Speaking after the walk began, Josephine said: “I think Fiona was murdered, because she wouldn’t stay away from me this long and she wouldn’t have left me and not tell me where she was. The only thing then is that she was murdered.”

Appeal for information

She again appealed for information in relation to Fiona’s disappearance. “My message as always, it’s to the chief suspect. I doubt if he’ll ever tell me where Fiona is but there is people in the town who would have known things as well and if they come forward and say something it would help an awful lot,” she said.

Josephine and Fiona’s younger brother John have endured multiple tragedies and have had their hopes dashed on a number of occasions, most recently during a major search of woodland in Co Laois in December 2014.

Just over a year before Fiona disappeared, her brother Mark was killed in a road traffic incident. Then four years after she vanished, Fiona’s father Sean took his own life - a death Josephine attributes to the impact of Fiona’s disappearance.

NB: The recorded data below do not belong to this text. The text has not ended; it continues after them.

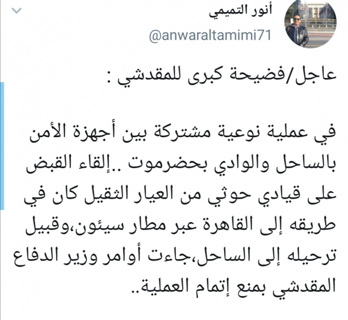 وقال التميمي عبر تغريدة له على "تويتر" رصدها " المشهد العربي": "عاجل/فضيحة كبرى للمقدشي في عملية نوعية مشتركة بين أجهزة الأمن بالساحل والوادي بحضرموت ..إلقاء القبض على قيادي حوثي من العيار الثقيل كان في طريقه إلى القاهرة عبر مطار سيئون".
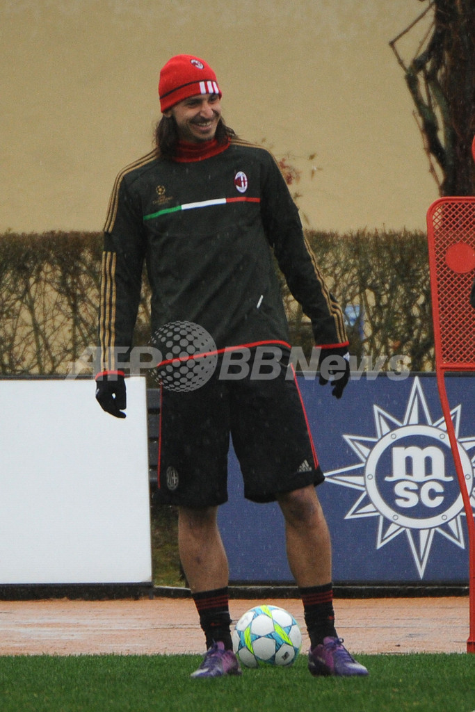 調整を行うACミランのズラタン・イブラヒモビッチ(Zlatan Ibrahimovic、2012年3月5日撮影)。(c)AFP/OLIVIER MORIN
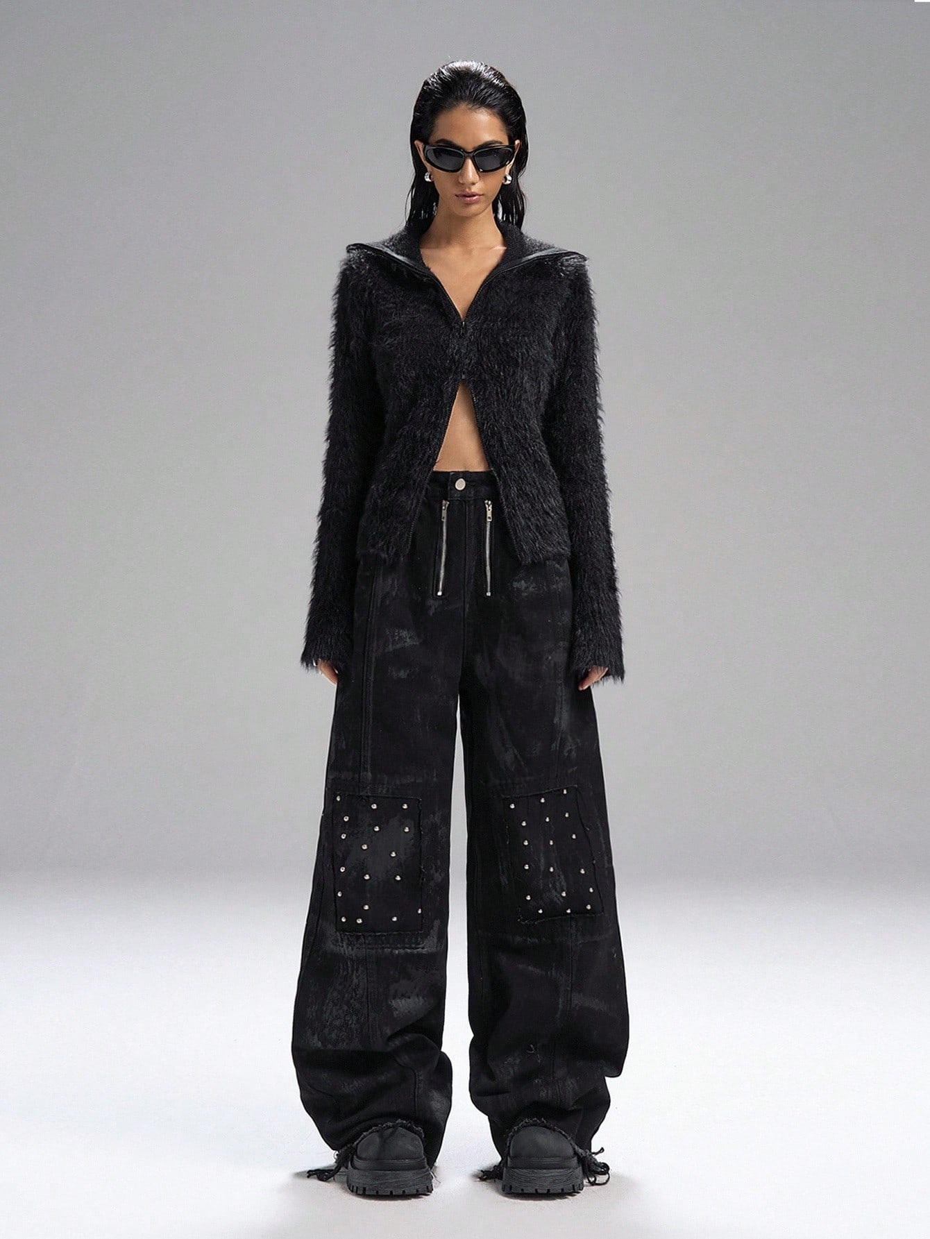 Die Raven Velvet Jacke vereint herbstliche Wärme mit einem Hauch dunkler Eleganz. Ihr weiches, flauschiges Fell-Material sorgt für angenehmen Tragekomfort, während der doppelte Reißverschluss sich flexibel von oben oder unten öffnen lässt. Der markante Stehkragen und die leicht taillierte Passform betonen die Silhouette und verleihen der Jacke einen modernen Gothic-Touch. Perfekt für kühle Tage, an denen Stil und Gemütlichkeit eins werden.
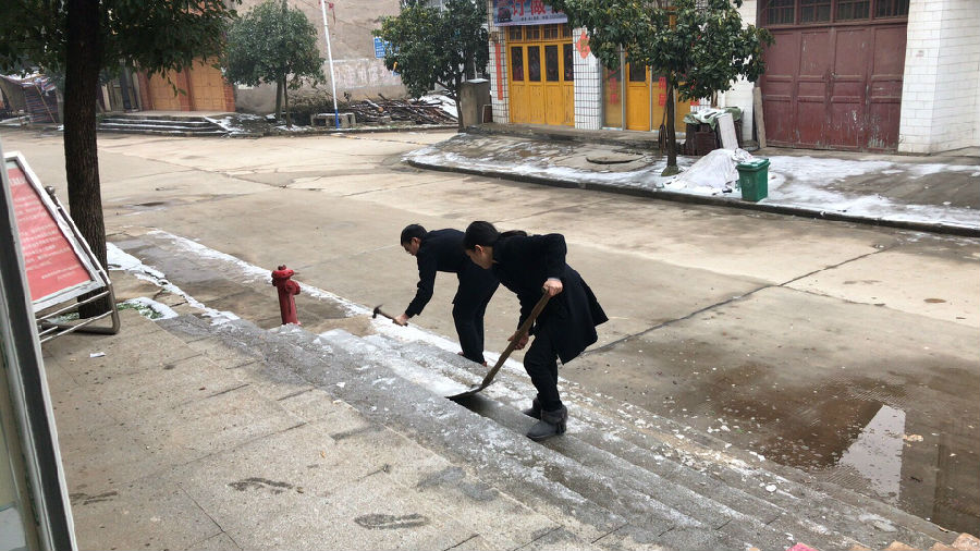 三是保障客户安全。该行各网点对营业厅周遭积雪路段和台阶等进行全面打扫,及时清除道路积水、积雪,并设置安全警示标志、标牌,铺设防滑物等,提示前来办理业务的客户注意安全,并安排大堂经理专门护送办理业务的老人到安全区域。
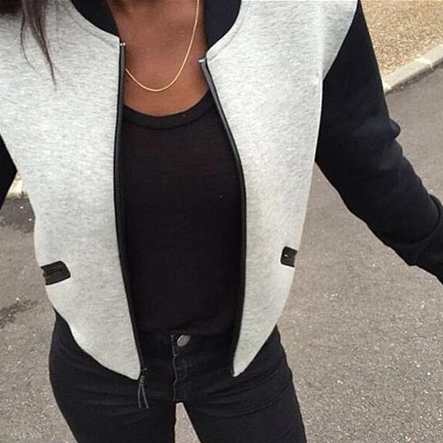 In this season transition time,this little coat is a perfect choice for you. Contrast color style,with long sleeve
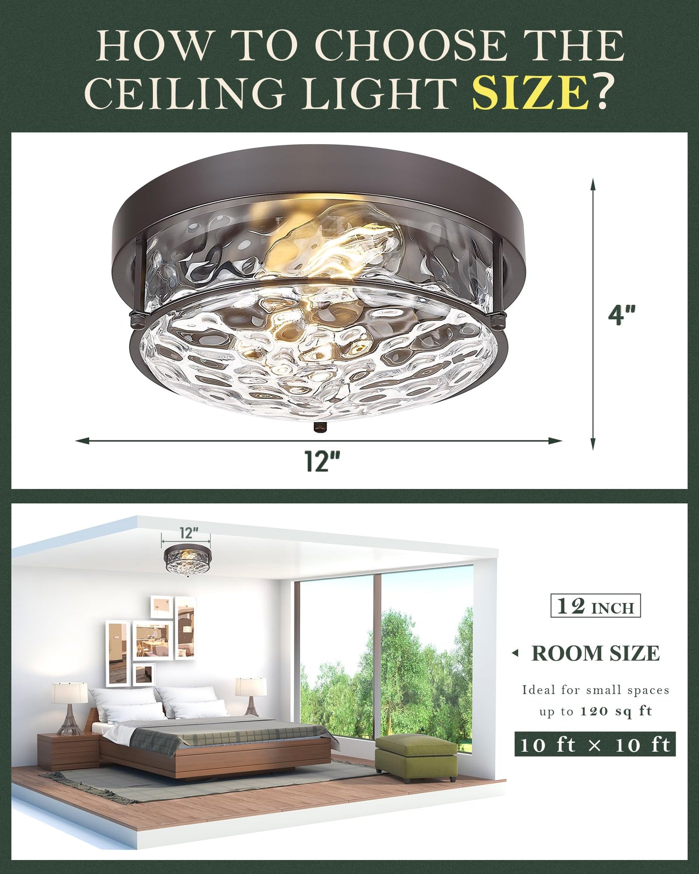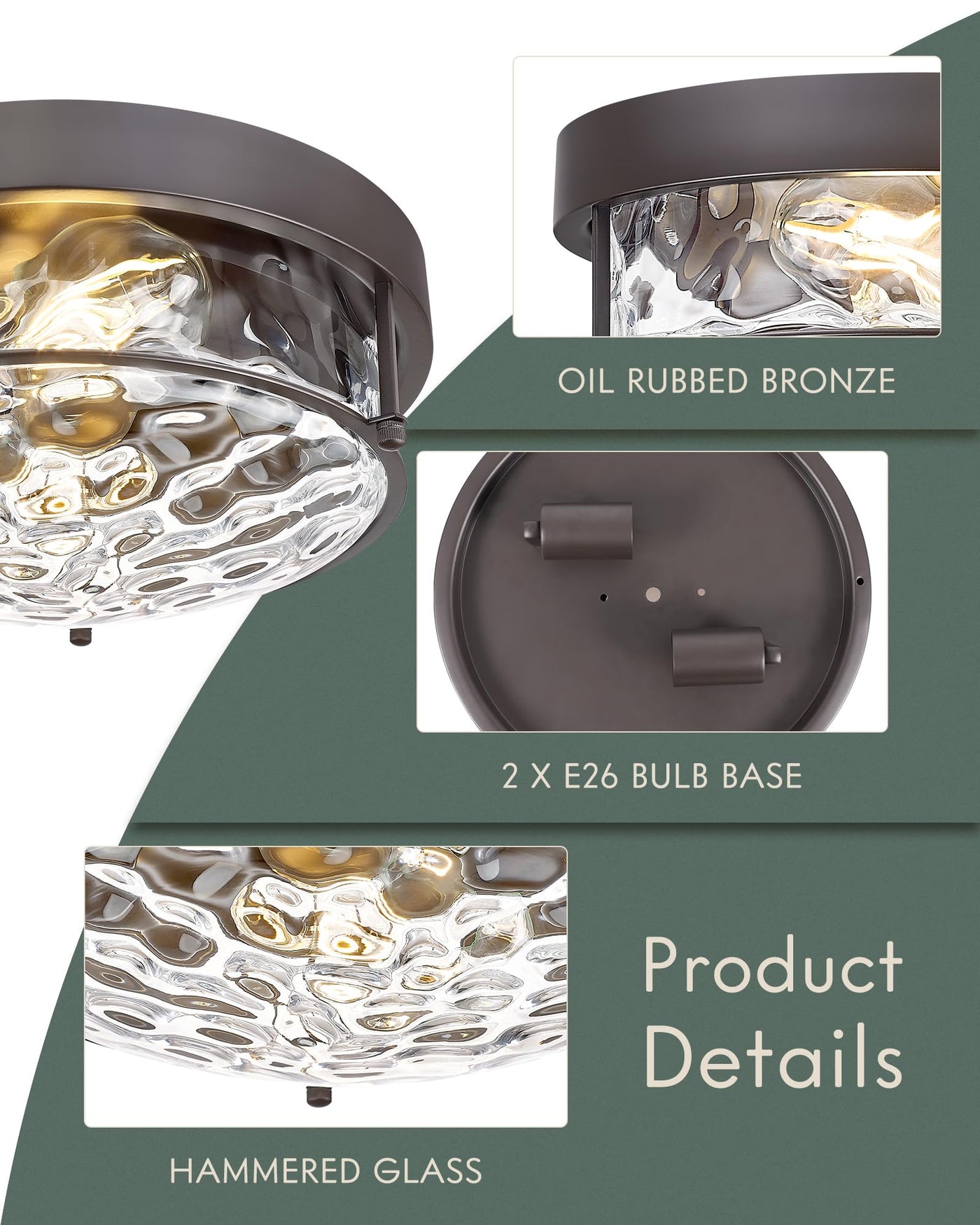 The 12 inch flush mount ceiling light features a handcrafted design with a hammered glass shade, giving it a unique visual texture. Its sleek, low-profile design measures 12in x 12in x 4in, making it suitable for areas with standard or low ceilings. Constructed from durable metal, this fixture is designed to accommodate two E26 base bulbs (max 60W each, not included), offering flexibility to use LED or Edison-style bulbs for your preferred lighting ambiance. The combination of hammered glass and oil-rubbed bronze finish adds a touch of rustic warmth to your decor.

Despite the family’s anguish and the as yet fruitless searches for Fiona, Josephine remains hopeful she will one day be able to provide her daughter and unborn grandchild with a Christian burial.

She said she is not interested in justice and only wants to bury her child and grandchild. “It will never be at an end but if I could find Fiona and lay her to rest with a bit of dignity, that is what I would love, for John and myself,” she said.

‘I can’t give up’

“I still keep hoping. I can’t give up, it would be like giving up on Fiona, which I would never ever do,” Josephine added.

Regarding a book she said she is writing, she said: “It starts from me meeting my husband in the rugby club 45 years ago and it sort of goes on from there.

“We always made sure to do family things with them so that they would have these things to remember, but it’s us that has them to remember now, but it’s great to have them. Then it goes into what happened to Fiona,” she remarked.

Josephine has been working on the book for some time. She had hoped to have the book out before Christmas, but now believes it might not be out until sometime afterwards.

The proceeds from the annual walk and run along Fiona’s Way in Tullamore are be donated to homeless charities.